What is being asked:
Nothing but the lines below from the one holding "骆驼儿童便携式折叠月亮椅,户" up to and including the one holding "La fuerte tormenta" should be copied, exactly and without pictures.

Information provided:
# # # # #

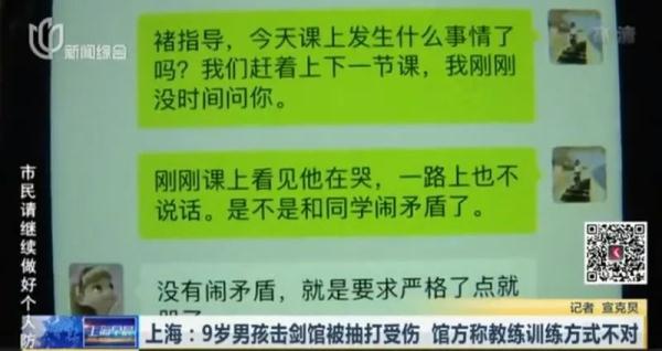 孩子的母亲洪女士表示,8月13日,自家9岁的儿子在位于上海市松江新城一家名叫"名剑击剑培训"的击剑馆内训练 。事发当天晚上8点左右,儿子下课回家,洪女士就看到他身上的伤,整条腿都是肿的,虽然当时还没泛出淤青,但腿上全是棍子抽的红印子,有十几条。
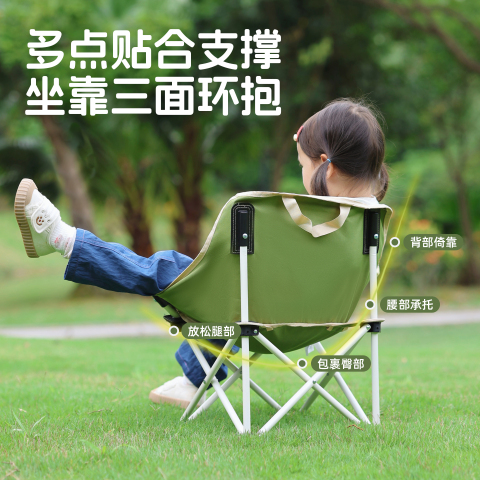 骆驼儿童便携式折叠月亮椅,户外露营、钓鱼必备!轻便折叠设计,稳固承重,适合家庭出游使用,宝宝坐着超舒服!
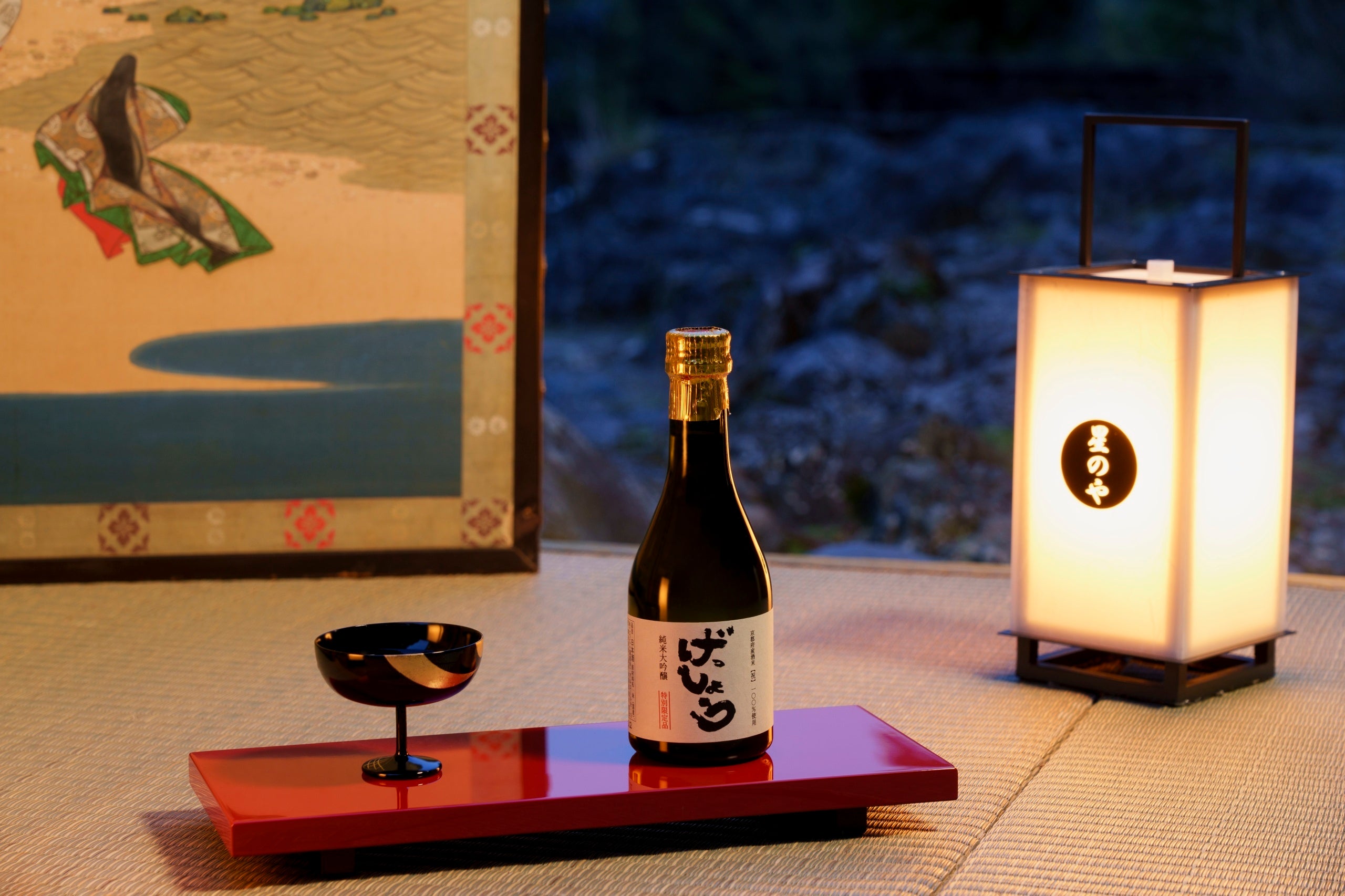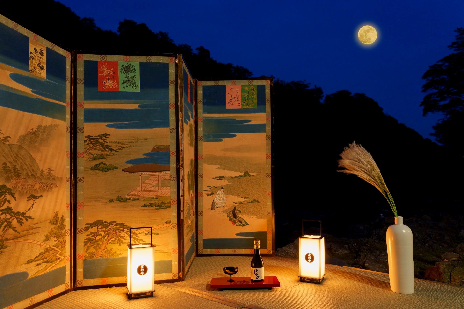 平安絵巻を彷彿とさせる屏風を設えた特別な空間で、心地よい秋風を感じながら、月にまつわる日本酒とともに観月に興じます。日本酒は、京都市嵯峨地域で栽培された酒米「祝(いわい)」でつくられた純米大吟醸酒「月賞(げっしょう)」で、平安貴族が嵐山の地で月を鑑賞しながら酒を酌み交わしていたことが由来です。
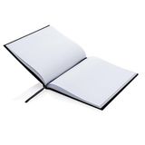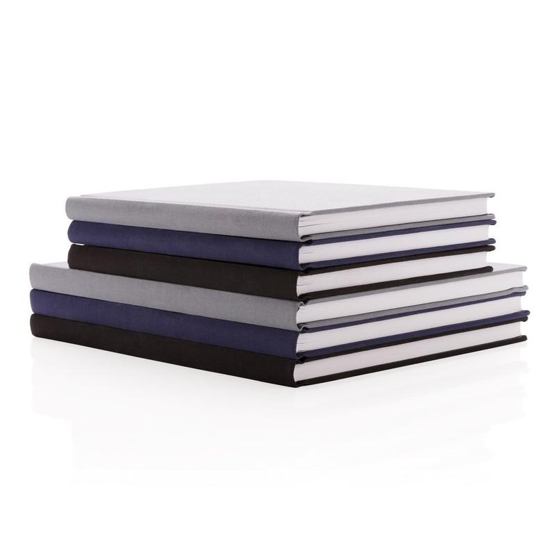 Notatnik Deluxe z okładką z wysokiej jakości tkaniny introligatorskiej i tasiemką zakładkową. Wewnątrz 96 kartek z białego papieru 80 g/m2.
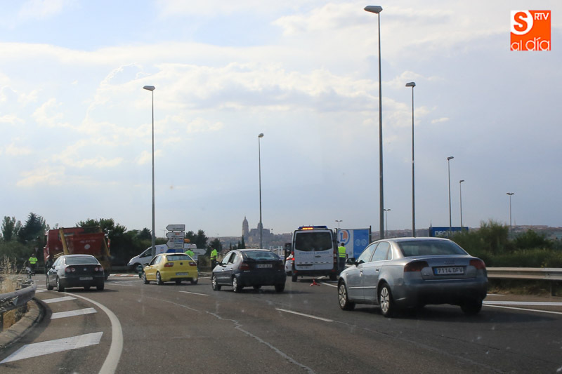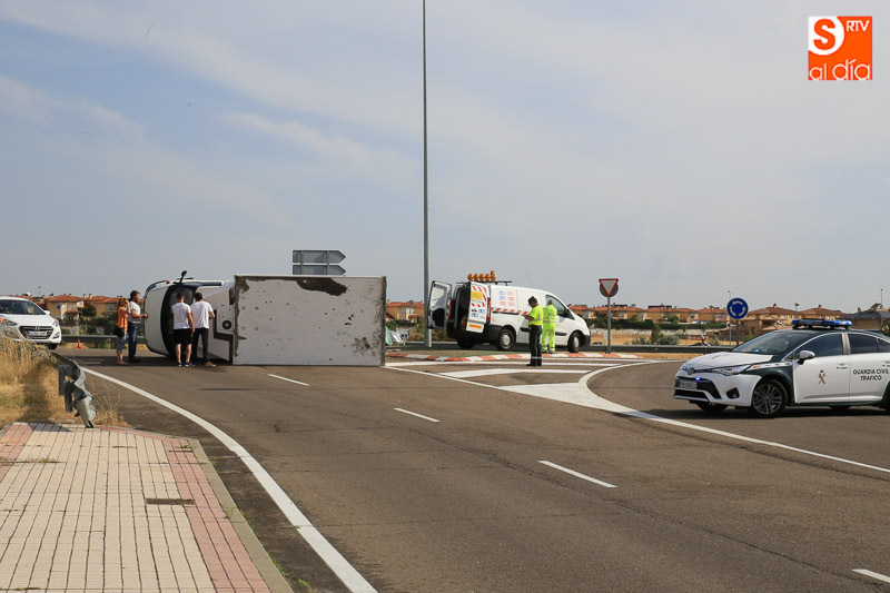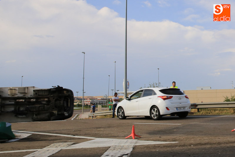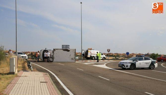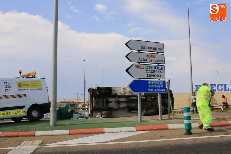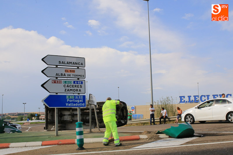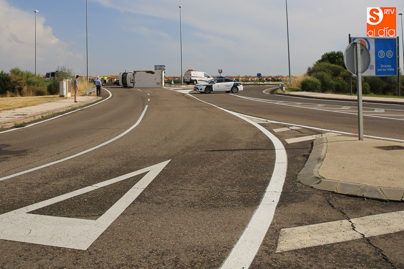La fuerte tormenta de lluvia y granizo ha provocado varios accidentes de tráfico en la capital y en los alrededores, siendo el más aparatoso el registrado sobre las seis de la tarde en la rotonda de E. Leclerc al volcar un camión sobre la calzada. El vehículo pesado ha quedado volcado en la rotonda, obligando a cortar el tráfico de acceso y salida al hipermercado. Hasta el lugar del suceso se ha desplazado un vehículo de la Guardia Civil para controlar la circulación.
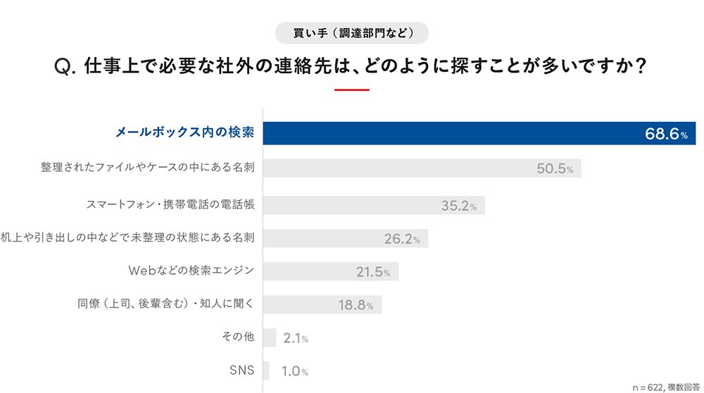 営業DXサービスなどを展開するSansan(サンサン)は、名刺管理サービスを導入していない購買部門などの買い手側の会社員622人、営業部門などの売り手側の会社員650人を対象に「名刺交換後の営業・購買活動の実態調査」を実施した。

# # # # #

Expected answer:
 骆驼儿童便携式折叠月亮椅,户外露营、钓鱼必备!轻便折叠设计,稳固承重,适合家庭出游使用,宝宝坐着超舒服!
 平安絵巻を彷彿とさせる屏風を設えた特別な空間で、心地よい秋風を感じながら、月にまつわる日本酒とともに観月に興じます。日本酒は、京都市嵯峨地域で栽培された酒米「祝(いわい)」でつくられた純米大吟醸酒「月賞(げっしょう)」で、平安貴族が嵐山の地で月を鑑賞しながら酒を酌み交わしていたことが由来です。
 Notatnik Deluxe z okładką z wysokiej jakości tkaniny introligatorskiej i tasiemką zakładkową. Wewnątrz 96 kartek z białego papieru 80 g/m2.
La fuerte tormenta de lluvia y granizo ha provocado varios accidentes de tráfico en la capital y en los alrededores, siendo el más aparatoso el registrado sobre las seis de la tarde en la rotonda de E. Leclerc al volcar un camión sobre la calzada. El vehículo pesado ha quedado volcado en la rotonda, obligando a cortar el tráfico de acceso y salida al hipermercado. Hasta el lugar del suceso se ha desplazado un vehículo de la Guardia Civil para controlar la circulación.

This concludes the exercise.